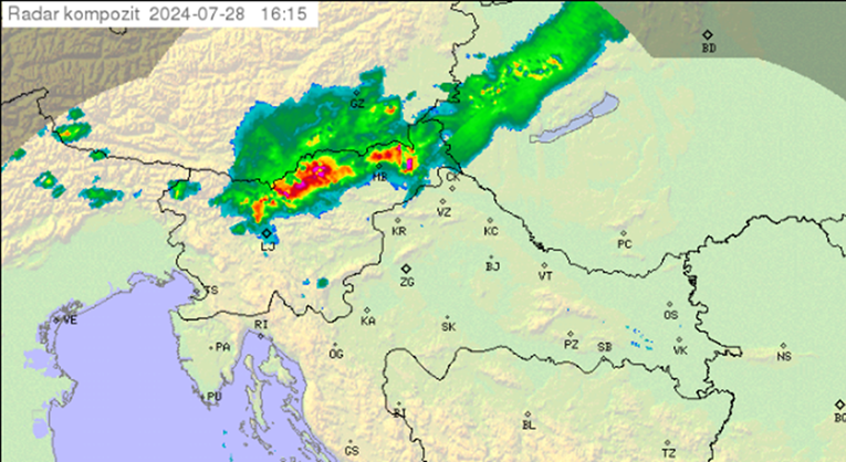 Pljuskovi se sporo približavaju sa sjeverozapada. Mogući su olujni udari vjetra, tuča te obilnija kiša, dodaju.
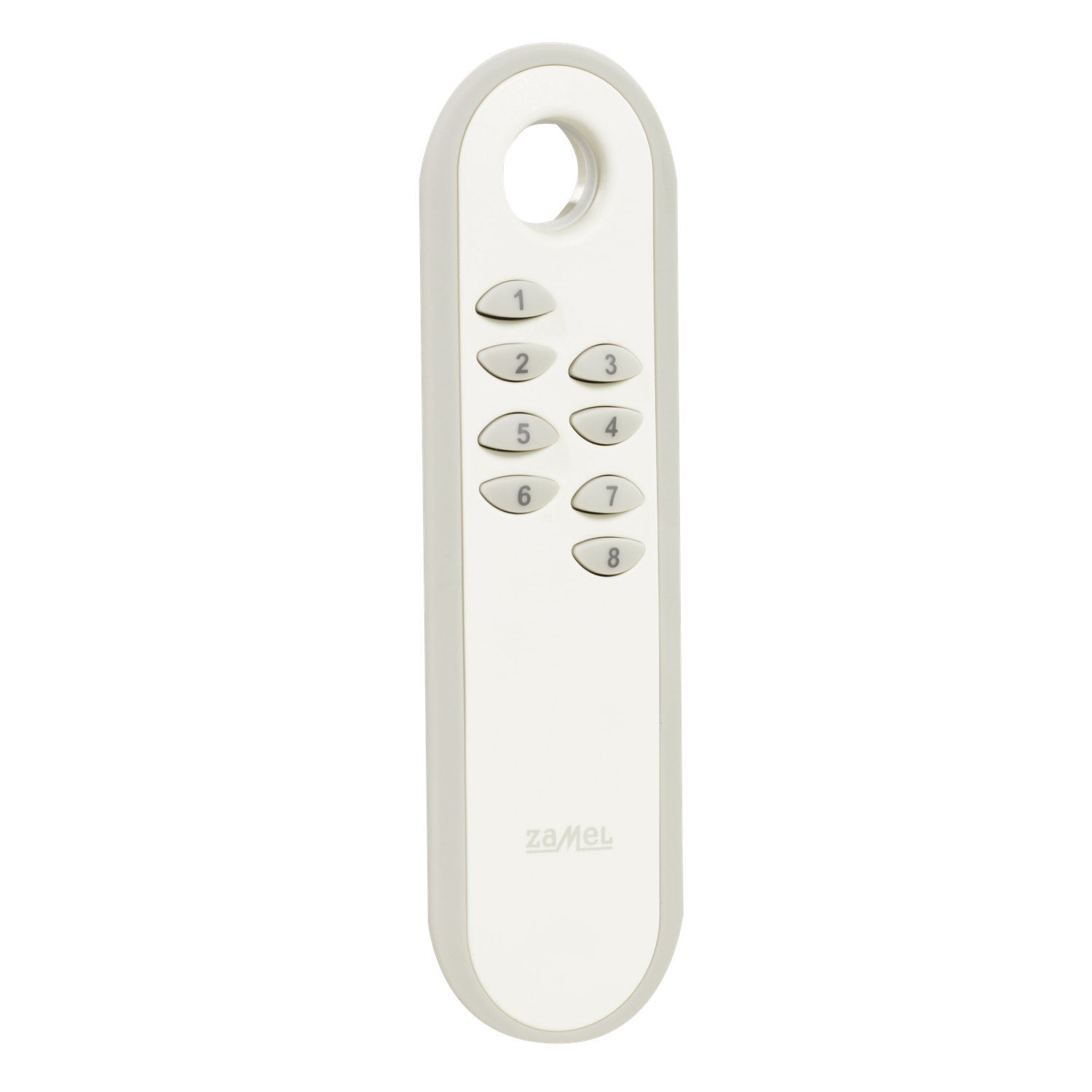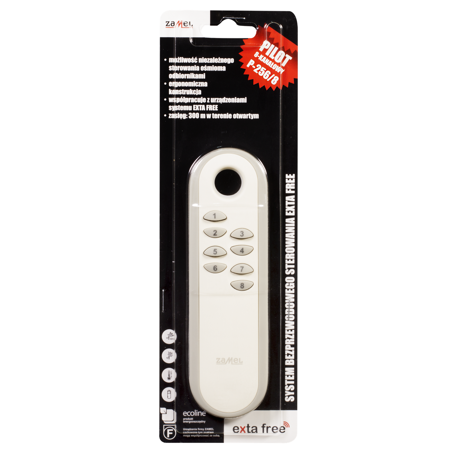 8-Kanal-Fernsteuerung P-256/8 ist ein universeller Sender zur Steuerung von Beleuchtung, RolllädenZufahrts- und Garagentorsystemen usw. Der Sender ist mit hinterleuchteten Komponenten zur Anzeige des Senderbetriebs, einer ergonomischen Gummitastatur und nützlichen kleinen Kettchen zur Befestigung am Schlüssel ausgestattet.
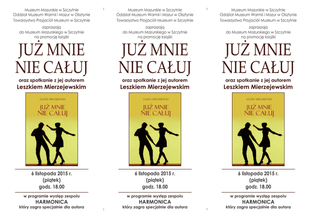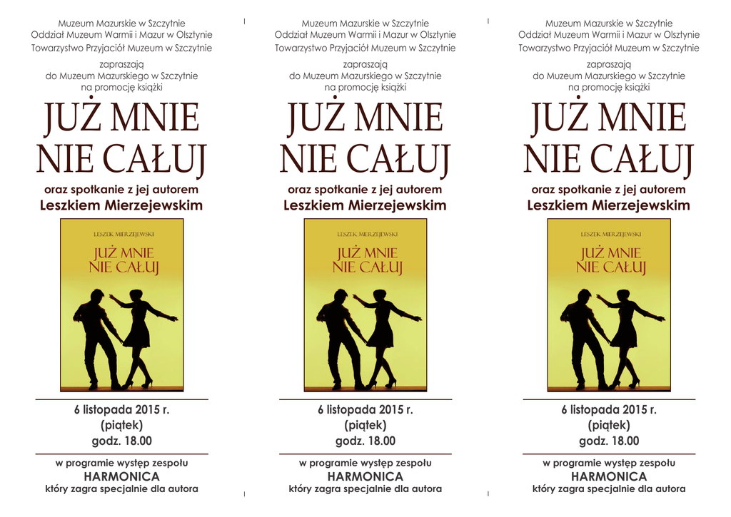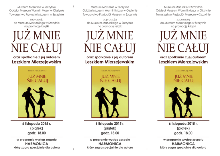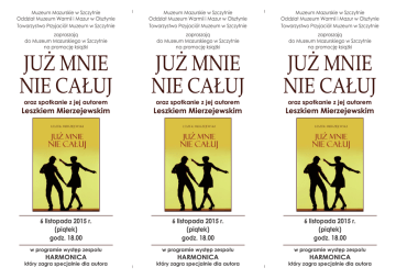 Muzeum Mazurskie w Szczytnie Oddział Muzeum Warmii i Mazur w Olsztynie Towarzystwo Przyjaciół Muzeum w Szczytnie Muzeum Mazurskie w Szczytnie Oddział Muzeum Warmii i Mazur w Olsztynie Towarzystwo Przyjaciół Muzeum w Szczytnie Muzeum Mazurskie w Szczytnie Oddział Muzeum Warmii i Mazur w Olsztynie Towarzystwo Przyjaciół Muzeum w Szczytnie zapraszają do Muzeum Mazurskiego w Szczytnie na promocję książki zapraszają do Muzeum Mazurskiego w Szczytnie na promocję książki zapraszają do Muzeum Mazurskiego w Szczytnie na promocję książki JUŻ MNIE NIE CAŁUJ JUŻ MNIE NIE CAŁUJ JUŻ MNIE NIE CAŁUJ Leszkiem Mierzejewskim Leszkiem Mierzejewskim Leszkiem Mierzejewskim 6 listopada 2015 r. (piątek) godz. 18.00 6 listopada 2015 r. (piątek) godz. 18.00 6 listopada 2015 r. (piątek) godz. 18.00 w programie występ zespołu w programie występ zespołu w programie występ zespołu który zagra specjalnie dla autora który zagra specjalnie dla autora który zagra specjalnie dla autora oraz spotkanie z jej autorem HARMONICA oraz spotkanie z jej autorem HARMONICA oraz spotkanie z jej autorem HARMONICA Leszek Mierzejewski, człowiek o wielkiej pasji życia. Czerpie pełnymi garściami z tego, co mu ono przynosi. Spełniony zawodowo, działacz społeczny, myśliwy, żeglarz, literat, a przy tym malarz - i rysownik - celnie ilustrujący swe opowiadania na łamach „Tygodnika Szczytno” w stałej rubryce „Tropem zwierząt i myśliwych”. To właśnie tam publikowane jego utwory otrzymały w 2015 r. ogólnopolski laur najlepszych opowieści myśliwskich w konkursie periodyku „Łowiec Polski”. Leszek Mierzejewski, człowiek o wielkiej pasji życia. Czerpie pełnymi garściami z tego, co mu ono przynosi. Spełniony zawodowo, działacz społeczny, myśliwy, żeglarz, literat, a przy tym malarz - i rysownik - celnie ilustrujący swe opowiadania na łamach „Tygodnika Szczytno” w stałej rubryce „Tropem zwierząt i myśliwych”. To właśnie tam publikowane jego utwory otrzymały w 2015 r. ogólnopolski laur najlepszych opowieści myśliwskich w konkursie periodyku „Łowiec Polski”. Leszek Mierzejewski, człowiek o wielkiej pasji życia. Czerpie pełnymi garściami z tego, co mu ono przynosi. Spełniony zawodowo, działacz społeczny, myśliwy, żeglarz, literat, a przy tym malarz - i rysownik - celnie ilustrujący swe opowiadania na łamach „Tygodnika Szczytno” w stałej rubryce „Tropem zwierząt i myśliwych”. To właśnie tam publikowane jego utwory otrzymały w 2015 r. ogólnopolski laur najlepszych opowieści myśliwskich w konkursie periodyku „Łowiec Polski”. Jednak życiowe pasje i pasja życia Leszka Mierzejewskiego musiały znaleźć pełniejszy wyraz. W 2014 r. poważył się na pierwszą publikację książkową pt. „Czy stracone lata? Czyli groch z kapustą”. Jego wspomnienia, opowieści, anegdoty, refleksje spotkały się z wielkim zainteresowaniem publiczności lokalnej (nie ukrywajmy – znającej Autora), ale nie tylko. Sukces debiutu literackiego sprowokował Autora do kolejnej publikacji pt. „Prowincja” (wyd. 2015 r.), stanowiącej również niepowtarzalny zbiór opowieści o przypadkach z życia Autora i jego otoczenia. Jednak życiowe pasje i pasja życia Leszka Mierzejewskiego musiały znaleźć pełniejszy wyraz. W 2014 r. poważył się na pierwszą publikację książkową pt. „Czy stracone lata? Czyli groch z kapustą”. Jego wspomnienia, opowieści, anegdoty, refleksje spotkały się z wielkim zainteresowaniem publiczności lokalnej (nie ukrywajmy – znającej Autora), ale nie tylko. Sukces debiutu literackiego sprowokował Autora do kolejnej publikacji pt. „Prowincja” (wyd. 2015 r.), stanowiącej również niepowtarzalny zbiór opowieści o przypadkach z życia Autora i jego otoczenia. Jednak życiowe pasje i pasja życia Leszka Mierzejewskiego musiały znaleźć pełniejszy wyraz. W 2014 r. poważył się na pierwszą publikację książkową pt. „Czy stracone lata? Czyli groch z kapustą”. Jego wspomnienia, opowieści, anegdoty, refleksje spotkały się z wielkim zainteresowaniem publiczności lokalnej (nie ukrywajmy – znającej Autora), ale nie tylko. Sukces debiutu literackiego sprowokował Autora do kolejnej publikacji pt. „Prowincja” (wyd. 2015 r.), stanowiącej również niepowtarzalny zbiór opowieści o przypadkach z życia Autora i jego otoczenia. Teraz mamy zaszczyt, ale przede wszystkim wielką przyjemność, zaprosić Państwa na prezentację i promocję kolejnej książki Leszka Mierzejewskiego. Tytuł jak zwykle prowokatorski - JUŻ MNIE NIE CAŁUJ. Teraz mamy zaszczyt, ale przede wszystkim wielką przyjemność, zaprosić Państwa na prezentację i promocję kolejnej książki Leszka Mierzejewskiego. Tytuł jak zwykle prowokatorski - JUŻ MNIE NIE CAŁUJ. Teraz mamy zaszczyt, ale przede wszystkim wielką przyjemność, zaprosić Państwa na prezentację i promocję kolejnej książki Leszka Mierzejewskiego. Tytuł jak zwykle prowokatorski - JUŻ MNIE NIE CAŁUJ. „Już mnie nie całuj” to opowieści o zdarzeniach ważnych i mniej ważnych, „urzędowych” i mniej „urzędowych”, prywatnych i oficjalnych, śmiesznych i smutnych. Jednak wszystkie one miały duży wpływ na życie Autora oraz wspominanych przez niego w książce – przyjaciół, znajomych. „Już mnie nie całuj” to opowieści o zdarzeniach ważnych i mniej ważnych, „urzędowych” i mniej „urzędowych”, prywatnych i oficjalnych, śmiesznych i smutnych. Jednak wszystkie one miały duży wpływ na życie Autora oraz wspominanych przez niego w książce – przyjaciół, znajomych. „Już mnie nie całuj” to opowieści o zdarzeniach ważnych i mniej ważnych, „urzędowych” i mniej „urzędowych”, prywatnych i oficjalnych, śmiesznych i smutnych. Jednak wszystkie one miały duży wpływ na życie Autora oraz wspominanych przez niego w książce – przyjaciół, znajomych. Spotkamy się więc w najnowszej 
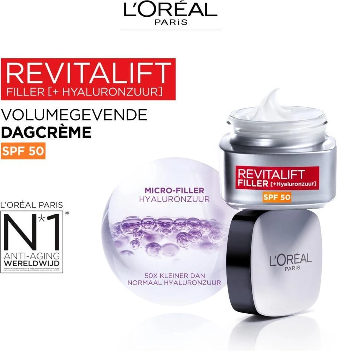 L’Oréal Paris Revitalift Filler Anti-Aging Dagcrème SPF50 – 50ml – Gezichtsverzorging met hyaluronzuur
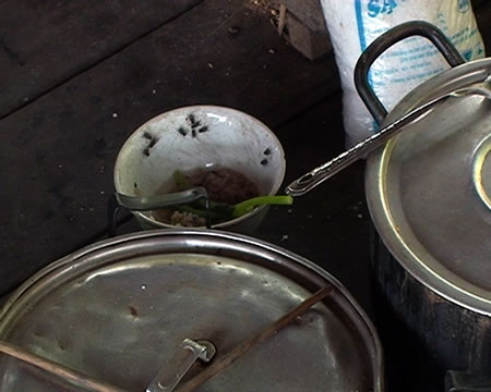 Chén cơm đầy ruồi bu trong bữa ăn của anh Trách. |
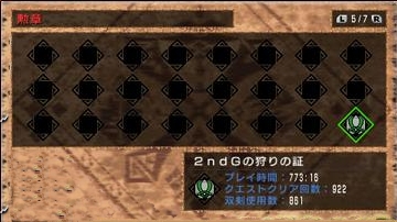 ● 勳章「2nd G 狩獵之証」以及在 2nd G 的遊戲時數、通過任務數和武器使用次數的紀錄。
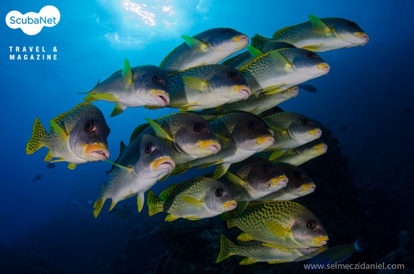 고원 위에서 시간을 보내고 있을 때 그레이 상어들이 전방향에서 우리를 애워싸기 시작했다. 그 와중에도 대형 그루퍼들은 상어들을 아랑곳하지 않고 용감하게 자신들의 길을 가고 있었다. 이런 스릴있는 만남을 뒤로 하고 고원의 북쪽을 향해 유영하기 시작했는데 자이언트 바라쿠다가 스쿨링을 하며 앞을 가로질러 갔다. 큰 녀석들은 거의 1.5m까지 달했고, 무리는 80~90마리는 되었다.
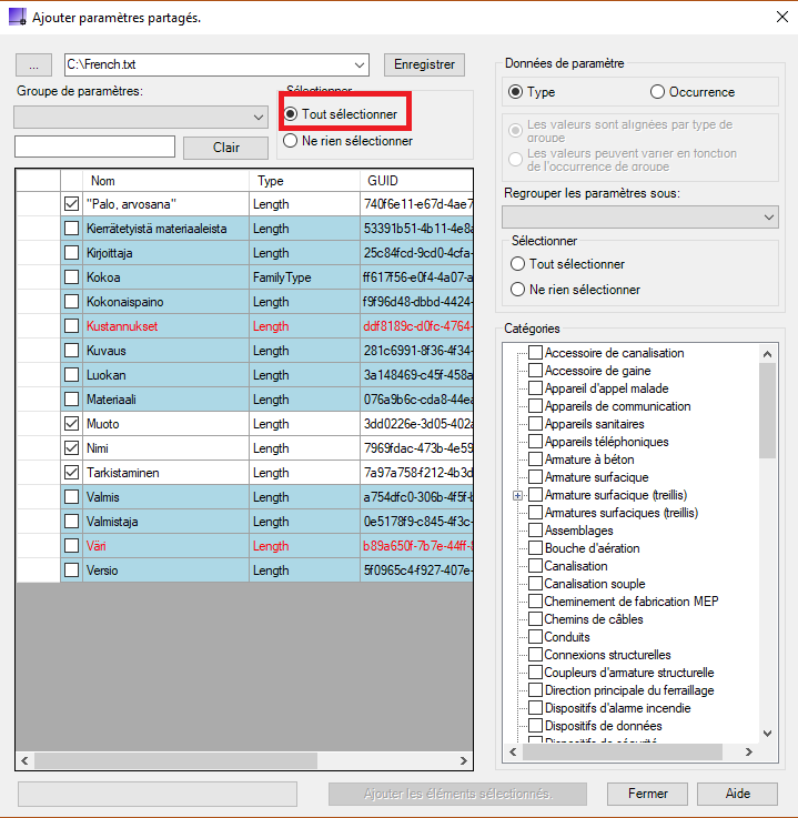 Il souligne également les paramètres qui existent déjà dans le document actif et paramètres obsolètes, qui ne sont pas liés à une catégorie.
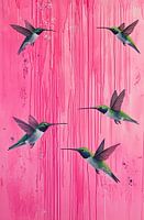 Drip art met een roze achtergrond en 5 vliegende kleurrijke kolibries.
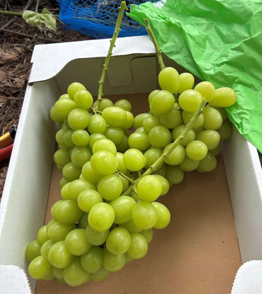 数年前に植えたシャインマスカットが、たわわに実をつけてくれる様になりました。

────

#### TASK DESCRIPTION:
In the entries above, find the line containing "L’Oréal Paris Revitalift" and the line containing "2nd G 的遊戲時數、通過任務數和武器使用次數的紀錄。", then copy both and every line between them exactly, without any picture.

#### RESULT OF THE TASK:
 L’Oréal Paris Revitalift Filler Anti-Aging Dagcrème SPF50 – 50ml – Gezichtsverzorging met hyaluronzuur
 Chén cơm đầy ruồi bu trong bữa ăn của anh Trách. |
 ● 勳章「2nd G 狩獵之証」以及在 2nd G 的遊戲時數、通過任務數和武器使用次數的紀錄。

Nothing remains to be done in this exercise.